Бэкон презирал «наивный» исходный материал, но любил выдирать дидактические образы из контекста, чтобы их изначальный смысл терялся или искажался. Одними из самых богатых источников стали учебник по заболеваниям полости рта, книга «Позиции для рентгенологических исследований», том «Движения животных» Эдварда Мейбриджа. Что общего у этих книг? Отстраненность: клинический взгляд на человеческое тело как на особь, лишенный всякой приватности. Бэкон считал, что тело одинаково предрасположено к различным видам принуждения – визуальному, сексуальному, политическому. Все они производят особые формы отчуждения, превращения в вещь.
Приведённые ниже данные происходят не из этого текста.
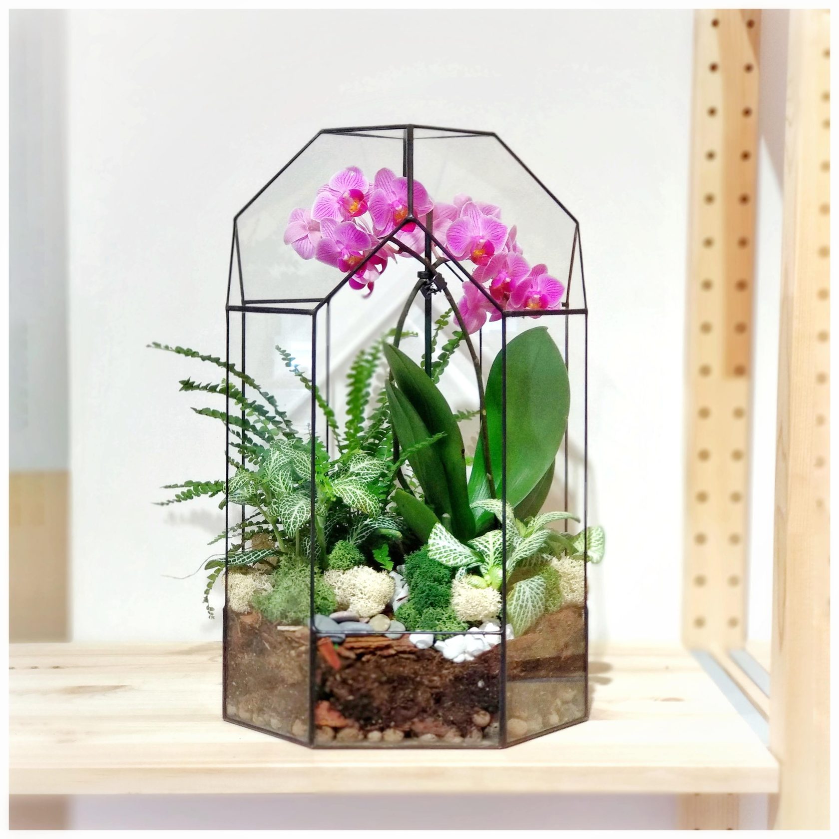 Мы создаем орхидариумы разных размеров и форм. После оформления заказа мы свяжемся с Вами для уточнения деталей композиции — цвета и сорта орхидеи, стиля, дополнительных растений, аксессуаров и т.д. Срок изготовления от 3х дней.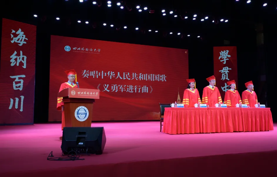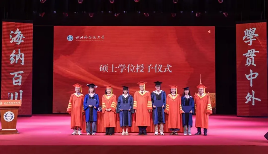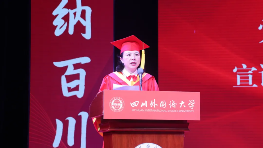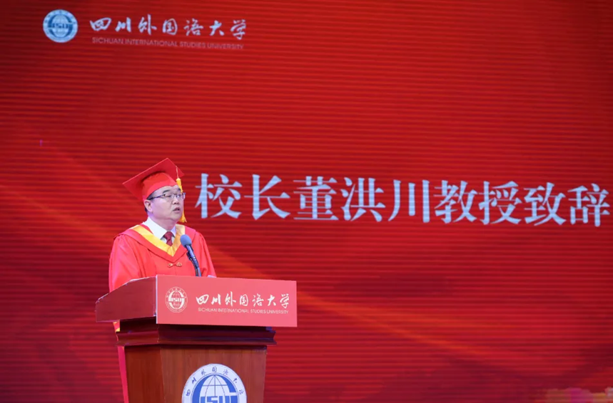 校长董洪川向2024届研究生毕业生致以热烈的祝贺,并对同学们在川外取得的优异成绩和不懈努力表示了肯定。他指出,在川外这所学术殿堂里,同学们不仅学到了各自领域的专业知识以及精益求精的学术思维,而且参与并见证了学校的发展与进步。在毕业生即将奔赴远方之际,他向毕业生提出三个期望:第一,要崇德向善、知行合一,继续践行“海纳百川,学贯中外”的川外校训,在实践中悟真知、求真理、长真才;第二,要心怀天下、与时俱进,以川外学子得天独厚的语言优势和跨文化沟通能力,做中国故事的讲述者、中国声音的传播者,展现新担当、实现新作为;第三,要守正创新、锐意进取,牢记习近平总书记强调的创新精神,努力成为具有深厚民族精神和家国情怀的高水平、创新型国际化人才。他勉励全体毕业生“以青春为笔,以梦想为墨,绘就人生的壮丽画卷;怀揣赤子之心,勇担时代使命,为跨文化交流添砖加瓦,把中华文化推向世界,为实现中华民族的伟大复兴贡献青春力量”。

Отсюда любовь Бэкона к пространствам, намекающим на утрату воли: обшарпанные стены, будто в тюремных камерах, каркасные кровати и стулья, становящиеся решетками, конструкции из непонятного вида медицинских мензурок. Замкнутые пространства и непонятная мебель неприятного цвета и текстуры, освещенные единственной голой лампочкой, – это арена насилия; секс на них превращается в собачьи бои, а любые эмоции сводятся к бешенству и наступающему после него ощущению изоляции. Даже если Бэкон был прав, говоря, что для того, чтобы увидеть на его работах истину человечества, «достаточно думать только о мясе на своей тарелке», ни один другой современный художник не ломился с таким неувядающим пессимизмом в один из уголков человеческой души. Вообще, Бэкон – художник весьма манерный. Чтобы изучить десны и слюни раскрытого в крике рта с той же степенью внимательности, с какой Моне всматривался в кувшинки, требуется настоящий подвиг эстетического самоустранения. Такое дистанцирование позволило Бэкону освоить этот страшный и судорожный сюжет, однако оно же привело к определенному ослаблению усилия, а порой даже и уступкам декоративному. В лучших образцах творчества Бэкона краска обладает пугающей материальностью: как будто на холст тяжелой кистью нанесены не краски с их зернистой, пористой структурой, а размазаны ткани человеческого тела. Впрочем, в менее сильных работах напряжение между настоящей краской и изображенной плотью, между подавленными энергиями тел и закругляющимися мазками, их выводящими, приобретает призрачную пышность, которая противоречит основному замыслу автора – стать Гойей современной истории, последним живописцем трагической фигуры, рассказать правду о человеческом бытии, которую не может передать фотоаппарат.